A bioinformatic approach for the prediction and functional classification of Toxoplasma gondii long non-coding RNAs.

Long non-coding RNAs (lncRNAs) have emerged as significant players in diverse cellular processes, including cell differentiation. Advancements in computational methodologies have facilitated the prediction of lncRNA functions, enabling insights even in non-model organisms like pathogenic parasites, in roles such as parasite development, antigenic variation, and epigenetics. In this work, we focus on the apicomplexan Toxoplasma gondii differentiation process, where the infective stage, tachyzoite, can develop into the cysted stage, bradyzoite, under stress conditions. Using a publicly available transcriptome dataset, we predicted putative lncRNA sequences associated with this differentiation process. Notably, a substantial proportion of these putative lncRNAs exhibited stage-specific expression, particularly at the bradyzoite stage. Furthermore, co-expression patterns between coding transcripts and putative TglncRNAs suggest their involvement in shared processes, such as bradyzoite development. Putative TglncRNA loci analysis revealed their potential influence on the expression of nearby coding genes, including subtelomeric genes unique to the T. gondii genome.
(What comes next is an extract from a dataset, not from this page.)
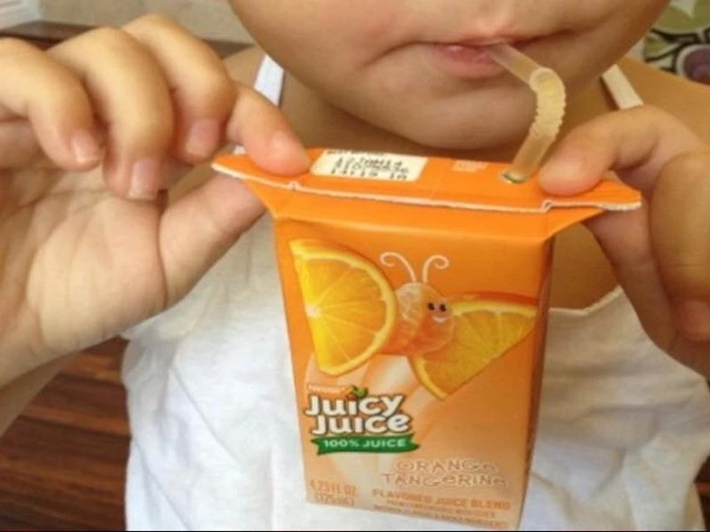 Cầm hai bên tay cầm của hộp sữa/ nước trái cây sẽ không làm đổ đồ uống. Ảnh: Brightside

Finally we propose a k-mer analysis approach to predict putative functional relationships between characterized lncRNAs from model organisms like Homo sapiens and the putative T. gondii lncRNAs. Our perspective led to predict putative T. gondii lncRNA that potentially could act mediating DNA damage repair pathways, opening a new study field to validate this kind of adaptive mechanisms of T. gondii in response to stress conditions.